= One Workplace =

Commercial office furniture dealership in Northern California
One Workplace is a commercial workplace performance provider on the West Coast. It is headquartered in Santa Clara, California and has regional offices in Oakland, California, San Francisco, California, Sacramento, California, Salinas, California, Seattle, Washington, and Spokane, Washington. One Workplace sells office furniture, audiovisual systems, decor, architectural products, and experiential design. In addition, it offers workplace and culture consulting, hospitality services, and project management services, including moves/add/changes and workspace decommissioning. It is a privately held company.

== History ==
One Workplace opened in 1925 in downtown San Jose, California as a family-owned bookstore.

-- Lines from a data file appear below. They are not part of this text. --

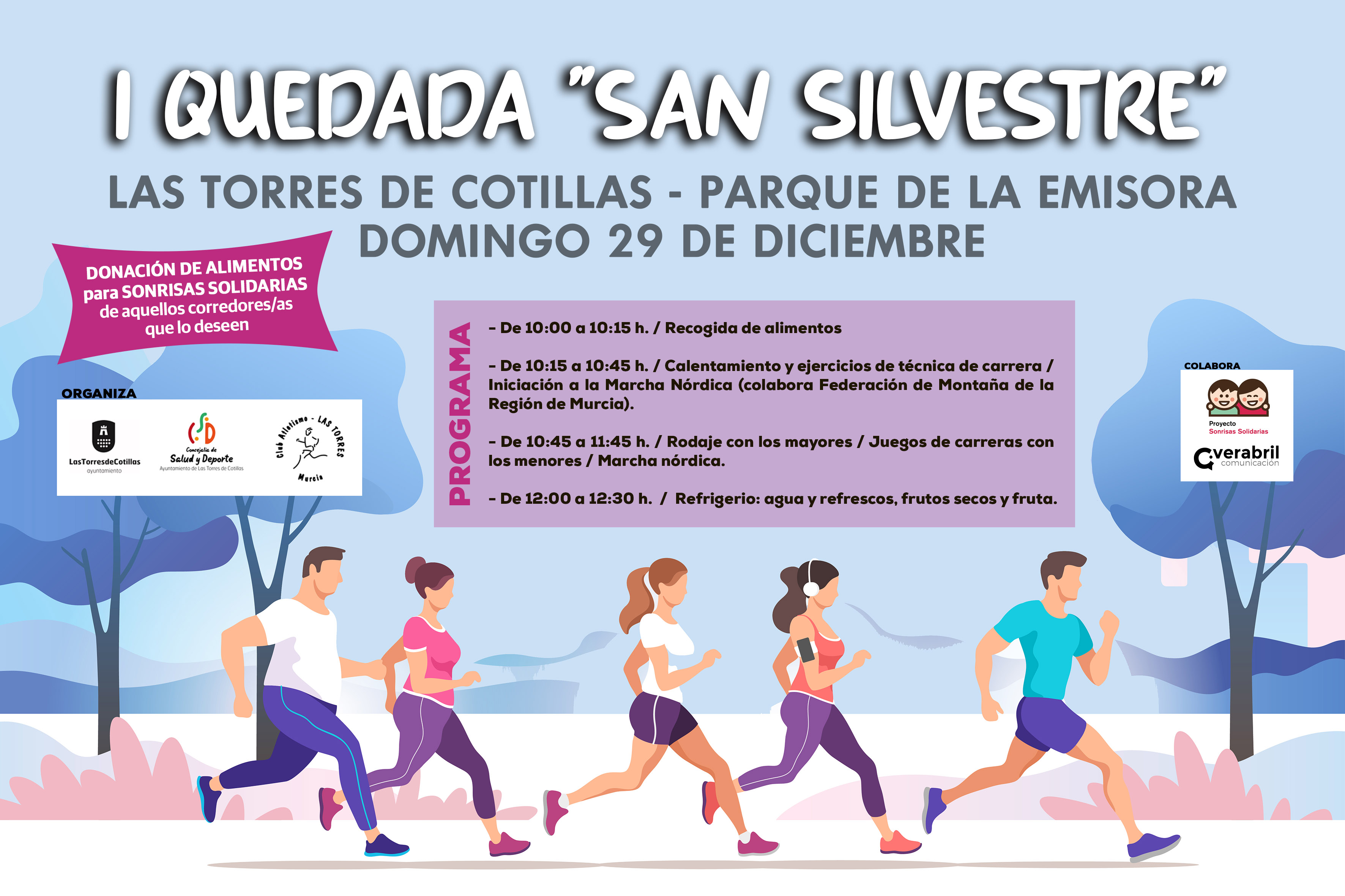 Los terrenos del parque de La Emisora serán escenario de diversas carreras sin carácter competitivo para participantes de todas las edades, que deberán aportar alimentos como inscripción. Además, para reforzar el carácter de jornada de convivencia de este evento deportivo a su conclusión (en torno a las 12 horas) los asistentes podrán degustar un almuerzo gratuito.
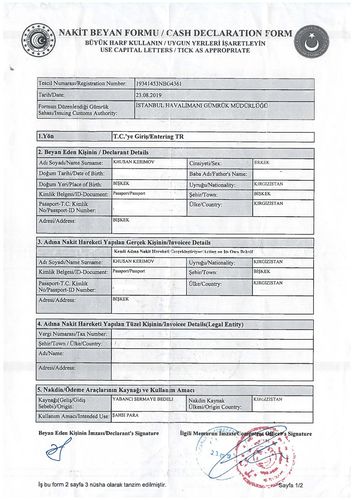 Saimaiti showed reporters 48 cash declarations. At least 31 of them were filled out by couriers who worked for Saimaiti during his cooperation with the Abdukadyrs. According to these declarations, couriers have brought to Istanbul more than $ 27 million for two months — in September and October 2016.
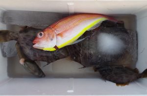 カワハギ、イトヨリダイ、サバ、アジ、アカハタ、シロムツなどが釣れました。
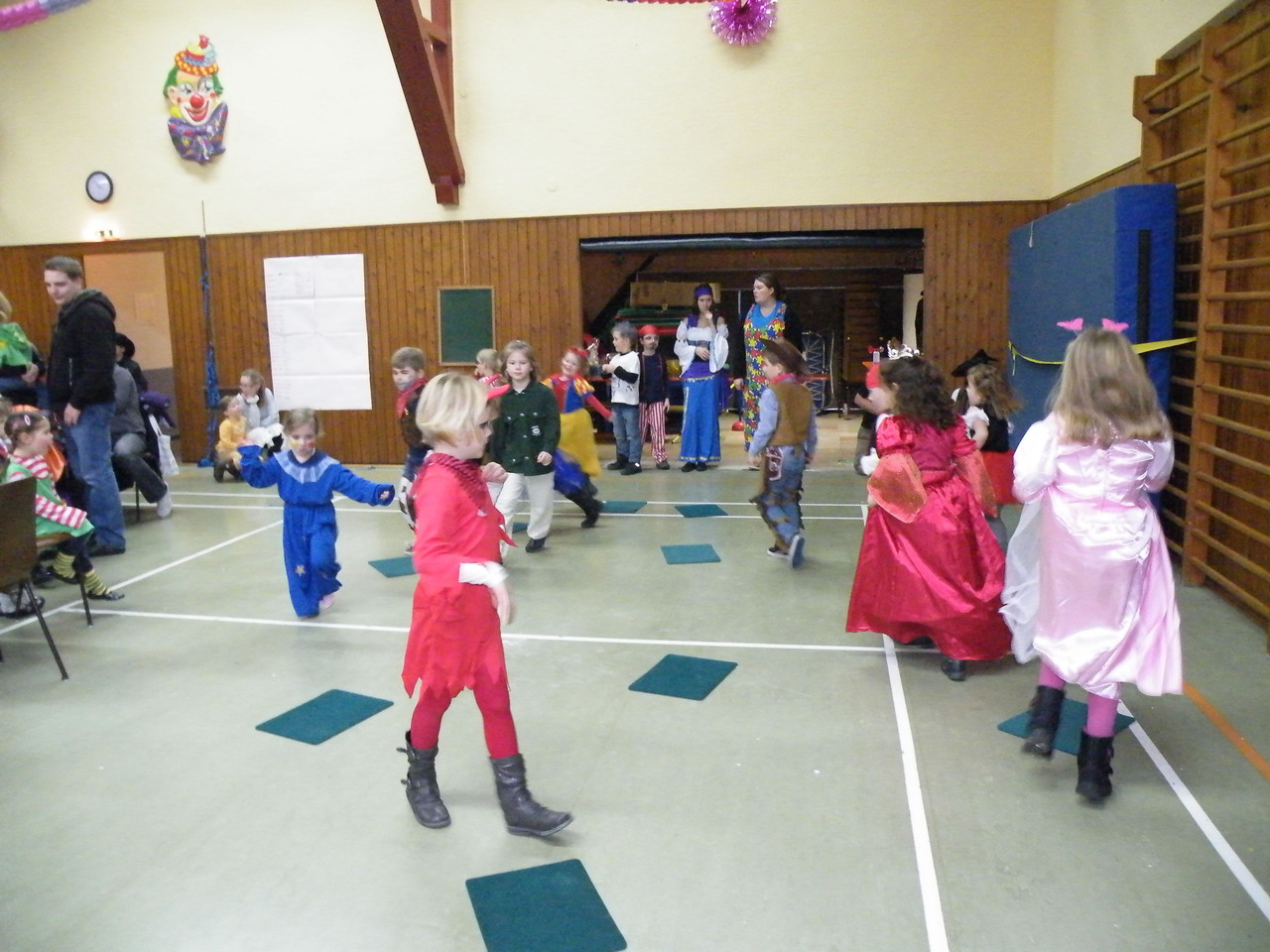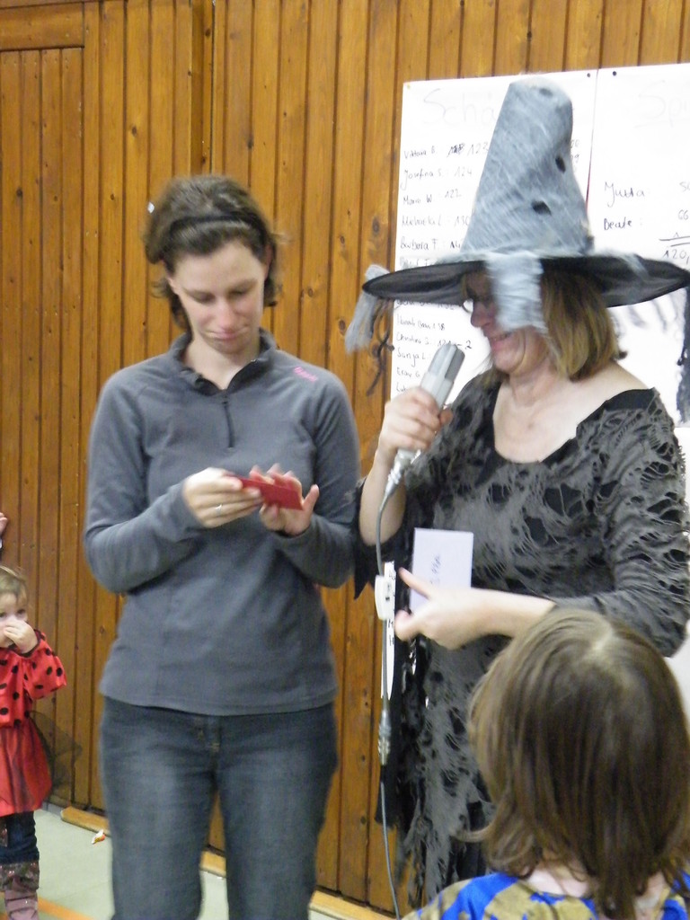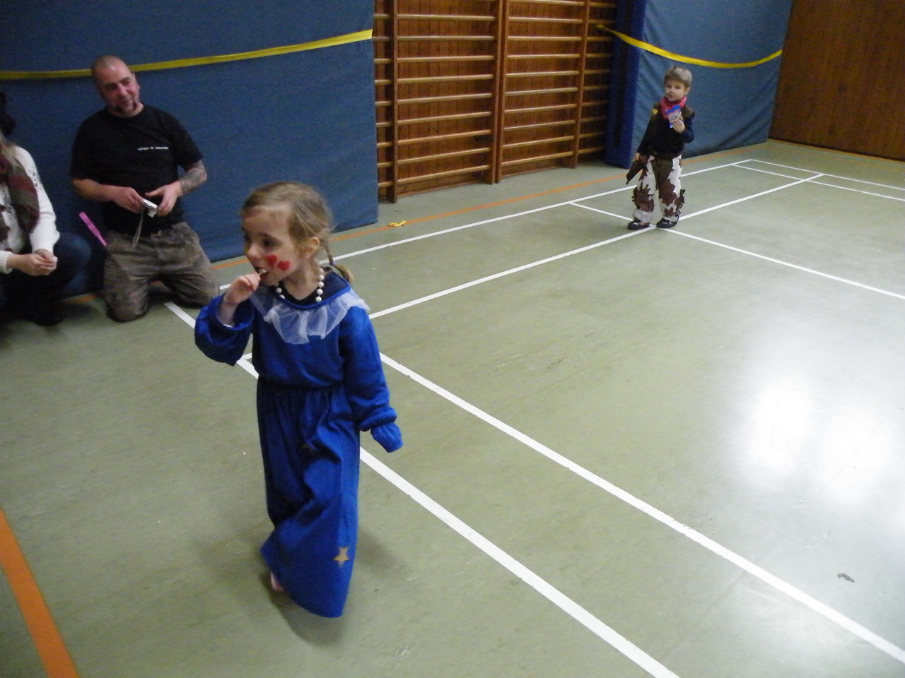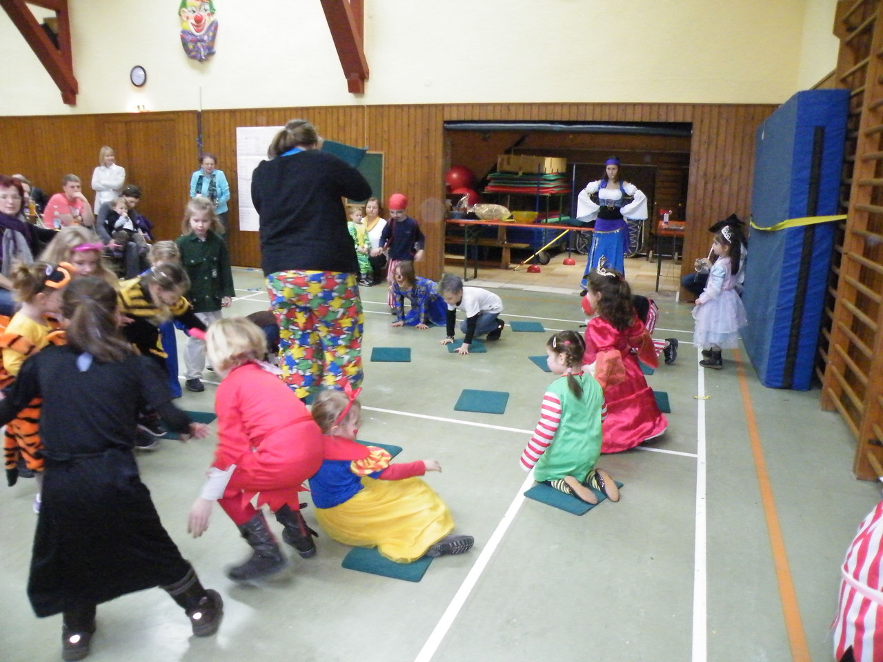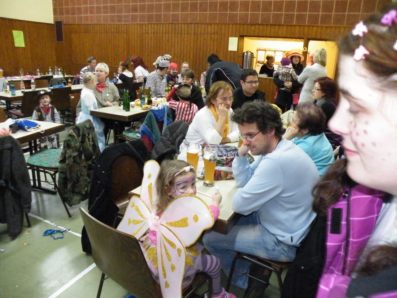 Weiter ging es mit Spielen für die kleinen Narren, wie z. B. Limbo, Reise nach Jerusalem, Luftballon-Wettrennen und Bilder ausmalen. Natürlich gab es dieses Jahr wieder ein Schätzspiel, bei dem das Gesamtgewicht der 1. und 2. Vorsitzenden des Turnvereins geschätzt werden sollte. Wie immer bei Schätzspielen war hier die Spanne des geschätzten Gewichts sehr groß. Gegen 17 Uhr kam es zur Auflösung des Schätzspiels, da zu diesem Zeitpunkt doch schon einige Narren den Heimweg angetreten hatten. Mit Hilfe einer alten Kartoffelwaage (Dezimalwaage), die Georg Breitenbach freundlicherweise zur Verfügung gestellt hat, wurden die 1. und 2. Vorsitzende gewogen. Dabei konnten die Kinder die einzelnen Gewichte auf die Waage stellen. Anschließend wurden die so ermittelten Ergebnisse zusammen gezählt. Nach der Überreichung der Preise (1. Platz Josefina Schneider, 2. Platz Natalie Schädlich, 3. Platz Antonia Ludwig) löste sich die Gesellschaft sehr schnell auf und die fleißigen Helfer konnten mit dem Aufräumen der Halle beginnen.

Its original name was Lindsay’s. Soon the company began to sell office supplies. When the Ferrari family purchased partial ownership, its name became Lindsay Ferrari and the company transitioned to selling office furniture. The Ferrari’s acquired complete ownership of Lindsay Ferrari and the company’s name became One Workplace.

One Workplace works with several vertical markets, including education, healthcare, corporate offices, government, bioscience, senior living, and small businesses. In November 2008, the company launched two separate divisions: Synergy 4 Health (today known as One Workplace Healthcare) and Architectural Environments.